In fact, data from the Federal Reserve shows that credit card ownership is nearly universal among higher-income households, with the vast majority of people earning over $100,000 carrying at least one card (1). That’s not necessarily because they need to borrow, but because the right card, used the right way, can offer rewards, protections and conveniences that cash or debit simply can’t match.
From earning travel points on everyday purchases to limiting liability for fraud, credit cards can quietly add value in the background of your financial life. And you don’t need a seven-figure net worth to take advantage of those benefits.
The key difference is how they’re used. Here are three ways wealthy consumers tend to approach credit cards, and how you can apply the same strategies to your own spending.

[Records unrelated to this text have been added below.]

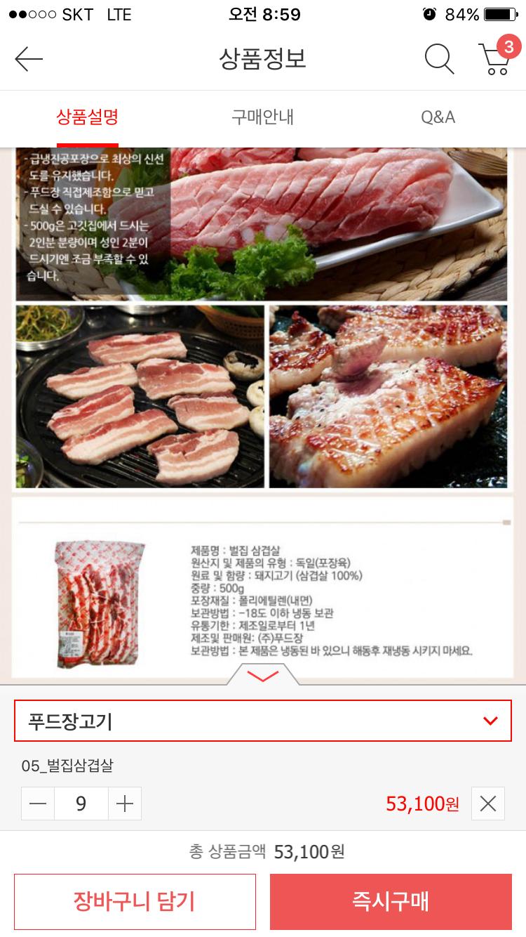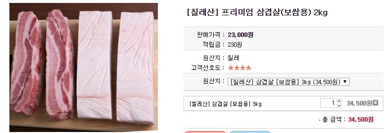 항상 애용하는 수입고기몰에서 칠레산삼겹살 3키로 또 주문했습니다.ㅋㅋ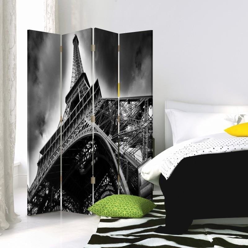 Obojstranná zástena 145 cm vyrobená z mdf a plátna s obrázkom eiffelovej veže, sivé odtiene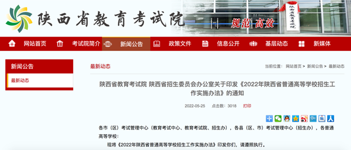 5月25日,陜西省教育考試院、陜西省招生委員會辦公室印發(fā)了《2022年陜西省普通高等學(xué)校招生工作實(shí)施辦法》,明確了陜西2022年高考考試、評卷、志愿填報(bào)招生錄取等政策。
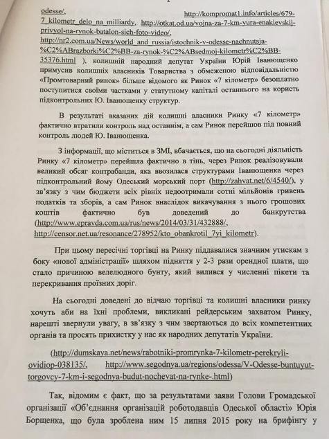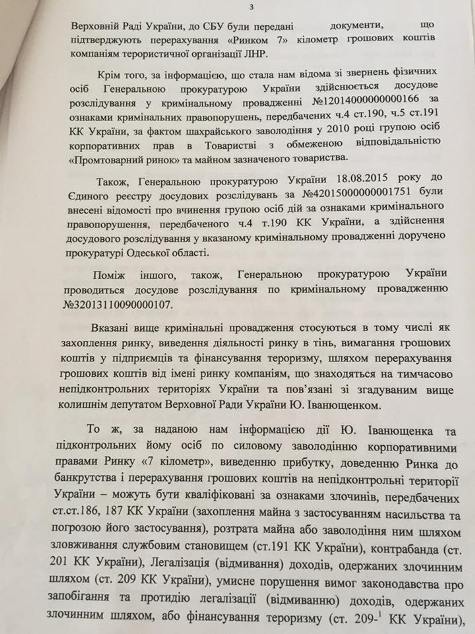 Депутаты перечисляют ряд уголовных производств, расследование по которым ведет Генеральная прокуратура, и утверждают, что они касаются, в том числе, «захвата рынка, вывода его деятельности в тень, вымогательства денег у предпринимателей и финансирования терроризма путем перечисления денежных средств от имени рынка компаниям, которые находятся на временно оккупированных территориях Украины и связаны с упомянутым выше бывшим депутатом Верховной Рады Юрием Иванющенко».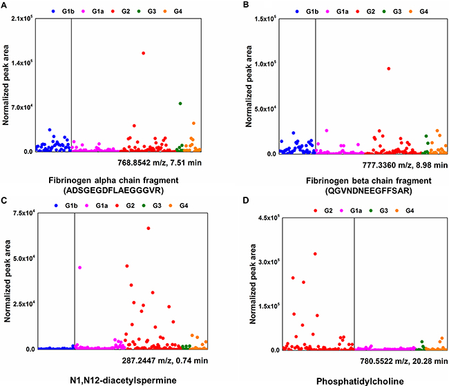 Fibrinogen fragment is also associated with inflammation and cancers. Up-regulation of fibrinogen production in blood can be a useful prognostic factor in various types of cancers (e.g., ovarian [24], bladder [25], lung [26], renal [27], and colorectal [11]). Increased CSF fibrinogen levels have not been reported for solid cancer metastases, but deranged levels have been found in CSF from children with leukemia [28]. We identified fibrinogen alpha (ADSGEGDFLAEGGGVR) and beta (QGVNDNEEGFFSAR) fragments in CSF. Differential levels of both metabolic peptides in CSF might be useful for discriminating CNS tumor free patients with systemic cancer (Group 1a) from other groups of patients.

For wealthy consumers, credit cards aren’t a safety net, they’re a tool. The difference comes down to how intentionally they’re used.
Putting large portions of everyday spending on rewards cards helps high earners maximize the benefits that these cards offer. Some credit cards offer cash back on every single purchase, sign-up bonuses, or travel rewards. In fact, the Consumer Financial Protection Bureau reports that credit card users earned $41.1 billion in rewards in 2022 (2).

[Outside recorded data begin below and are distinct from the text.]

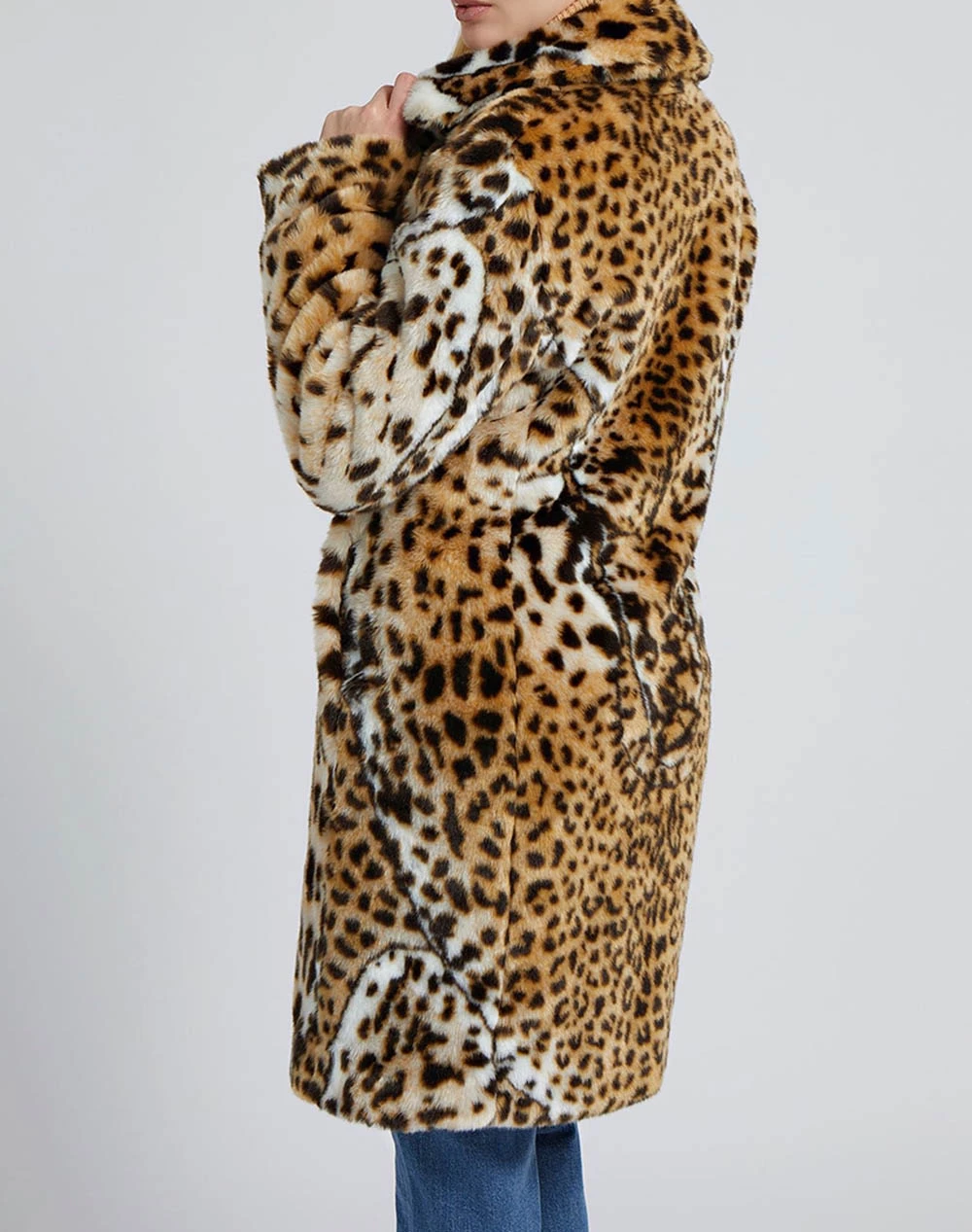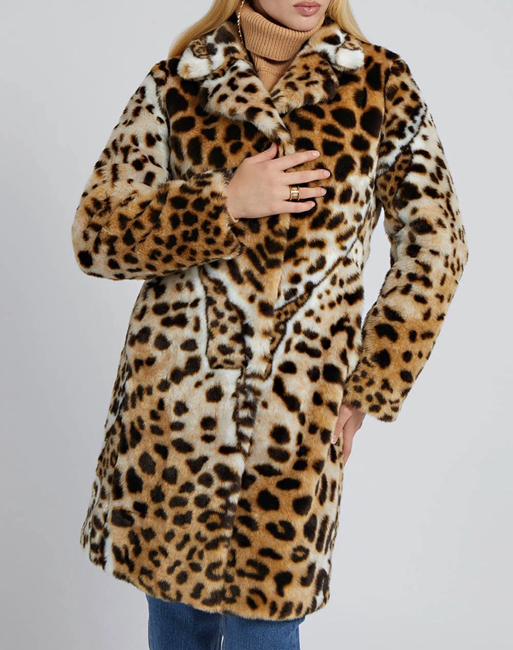 Παλτό με animal print σχέδιο από οικολογική γούνα, με κλασσικό γιακά με πέτο και κλείσιμο με κουμπιά. (Σύνθεση: 50% Ακρυλικό, 30% Μονταλ, 20% Πολυεστέρας)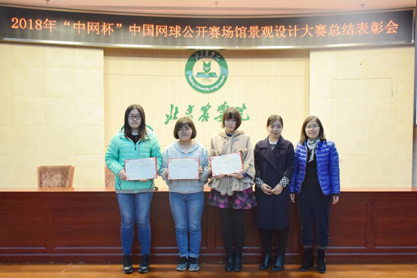 2018年11月14日12:30,2018年“中网杯”中国网球公开赛场馆景观设计大赛总结表彰会在北京农学院图书馆报告厅顺利举行。北京中国网球公开赛体育推广有限公司副总裁刘明秋,业务运行部总经理王颖彦,业务运行经理姚帆,Bet博彩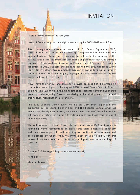 The next Leonard Cohen Event will take place in Copenhagen, Denmark, in August 2024. Marianne Nielsen will be the organizer. More info to follow!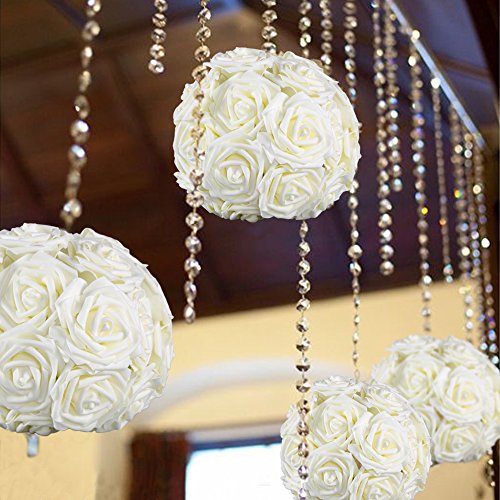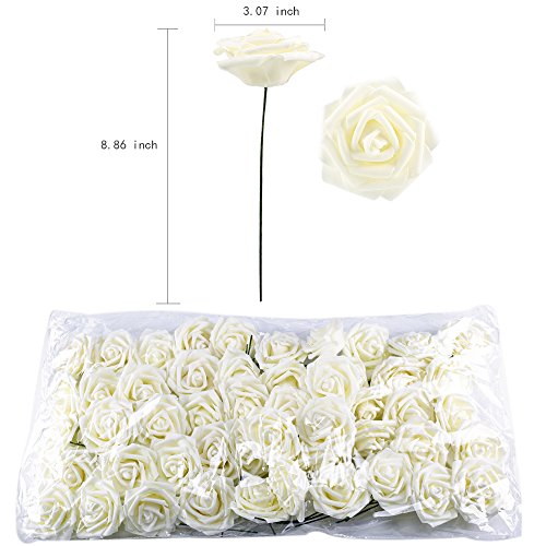 Arrive include 50pcs ivory individual rose heads with stems, each flower stem total tall approx 8.86", and the flower heads diameter approx 3.07"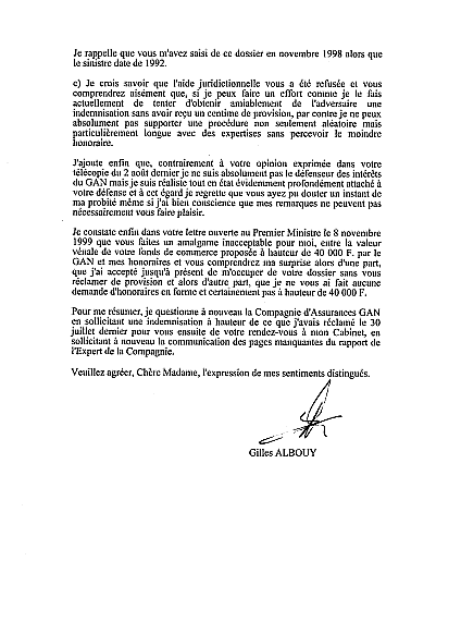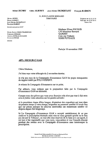 18 novembre 1999 : Réponse de Maître ALBOUY. Le Gan assurance ne donne pas les pièces manquantes du rapport.
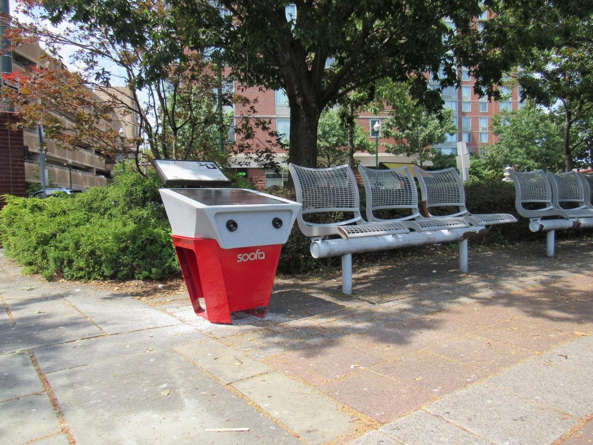 The city acquired two “Soofa” charging stations with built-in benches and two stand-alone charging stations located next to existing city benches.

But the key isn’t spending more — it’s routing existing expenses like groceries, bills or insurance payments through a card that earns rewards. Over time, those points can add up to free flights, hotel stays or statement credits.
Another reason wealthy consumers favor credit cards is their built-in protection. Federal law generally limits your liability for unauthorized credit card charges to $50, and many issuers offer zero-liability protection, which means you typically won’t pay anything at all for fraudulent transactions. That matters: According to the Federal Trade Commission, consumers reported losing more than $10 billion to fraud in 2023, a record high (3). Using a credit card can help shield your own money from being directly drained in those situations.